В том же году, когда вышел его политический манифест, Лиотар создал свой эстетический канон. Книга «Преобразователи Дюшана» представляла создателя «Большого стекла» и «Дано» как критического художника неизоморфностей, несовместимостей и несоизмеримостей. Защищая в очередной раз свое мнение о наслаждении (jouissance), которое испытывал ранний индустриальный пролетариат от своей тяжкой участи, Лиотар утверждал: «Если вы описываете судьбу рабочих исключительно в терминах отчуждения, эксплуатации и нищеты, то вы представляете их исключительно как жертв, которые лишь пассивно страдают в ходе всего процесса и лишь обретают права на будущие репарации (социализм). Вы упускаете существенный момент, заключающийся вовсе не в повышении производительных сил любой ценой, и даже не в смерти многих рабочих (как нередко говорил Маркс с цинизмом, приукрашенным дарвинизмом). Вы упускаете энергию, которая позже пропитала искусство и науку, радость и боль от открытия того, что вы можете держаться (жить, работать, мыслить, ощущать) в месте, где делать это совершенно бессмысленно. Равнодушие к смыслу, стойкость». Именно через эту «стойкость», «механический аскетизм» получают прочтение сексуальные загадки Дюшана. «„Стекло“ есть „задержка“ наготы, „Дано“ — ее продвижение. Для „Стекла“ еще слишком рано, чтобы увидеть лежащую обнаженную женщину; для сцены „Дано“ — уже слишком поздно. Исполнитель — комплексный преобразователь, батарея машин изменения. Здесь нет искусства, поскольку нет объекта. Здесь только преобразования, перераспределение энергии. Мир является множеством механизмов, которые преобразуют одни единицы энергии в другие»28.

Таким образом, фон «Состояния постмодерна» был куда более насыщенным, нежели сам документ, составленный для квебекского правительства. «Отчет о знании» оставил открытыми два вопроса, которые постоянно волновали Лиотара: каковы следствия постмодерна для искусства и каковы они для политики. Лиотар довольно скоро был вынужден ответить на первый вопрос, причем позиция его оказалась на редкость неудобной. При создании «Состояния постмодерна», он, в общем, не имел представления о той эволюции, которую термин претерпел в архитектуре (вероятно, единственном искусстве, о котором он никогда не писал), причем эстетическое значение этого термина оказывалось прямо противоположным его собственным оценкам. Такое неведение не могло длиться бесконечно. Около 1982 г. Лиотар был проинформирован о версии постмодерна, созданной Дженксом, и о ее широкой рецепции в Америке. Его реакция была резкой. Этот постмодернизм был тайной реставрацией деградировавшего реализма, ранее пользовавшегося покровительством нацизма и сталинизма, а ныне переработанного современным капитализмом в циничный эклектизм, — он был всем тем, с чем боролся авангард29.
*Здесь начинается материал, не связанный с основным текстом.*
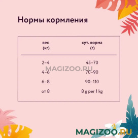 Сбалансированное полнорационное питание заботится о коже и шерсти и способствует здоровому пищеварению.В рационе кормов FLORIDA используется только белок животного происхождения.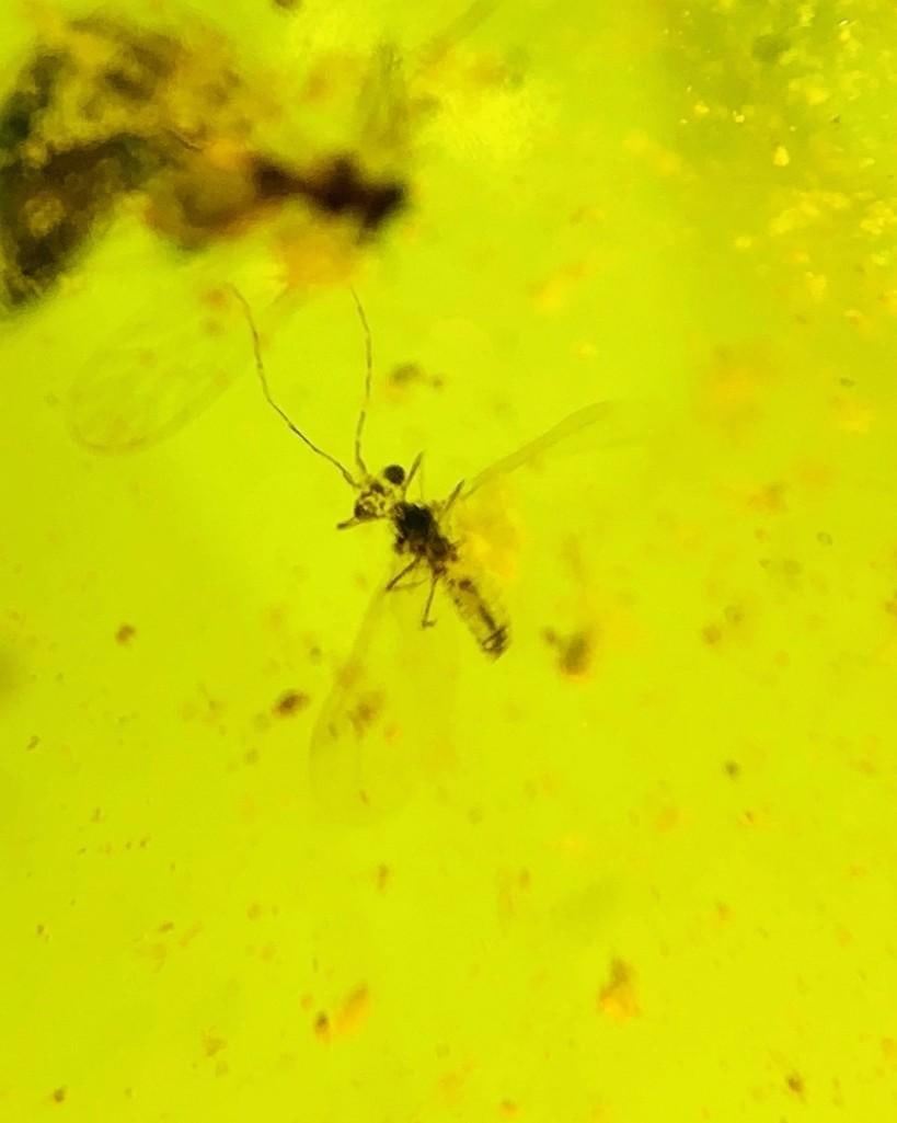 Authentic Myanmar AMBER Fossil Plant Resin with a Horsefly Inclusion. It measures approximately 1.2" Long x 0.5" Wide x 5/16" Thick and the Total Weight is 2.06 g or 10.3 ct. This Specimen has fine color and clarity, it has been UV Tested and is Reactive. It comes in a 2.75" x 2.75" Display Case. Burmese Amber from Myanmar is about 100 million years old and come from the Cretaceous period. Burmese amber is witness of rapid origination and radation of moder insect groups. ROCKS MINERALS FOSSILS

Это ослабление эстетического напряжения обещало не просто конец экспериментирования, но и отмену импульса модернистского искусства как такового, источником которого всегда был тот разрыв между постижимым и представимым, который Кант называл возвышенным в отличие от просто прекрасного. Но каково тогда должно быть подлинное искусство постмодерна? Ответ Лиотара, находившегося в плену того словоупотребления, которое он терпеть не мог, оказался неубедительным. Постмодерн не приходит после модерна, но является моментом внутреннего обновления, присущим ему изначально, — тем течением, чей ответ на дробление реальности противоположен ностальгии по ее единству: скорее, он является радостным принятием свободы изобретать новое. Но пышность не имеет к этому отношения. Годом позже Лиотар дал высокую оценку минимализму, особо выделив его из авангардного искусства, — здесь возвышенное трактуется как лишенность. Напротив, то, что одобряет рынок искусства, — это китч, прославляемый Дженксом: «Амальгамирование, украшательство, смешение всего в кучу — потакание „вкусу“ публики, не способной иметь вкуса»30.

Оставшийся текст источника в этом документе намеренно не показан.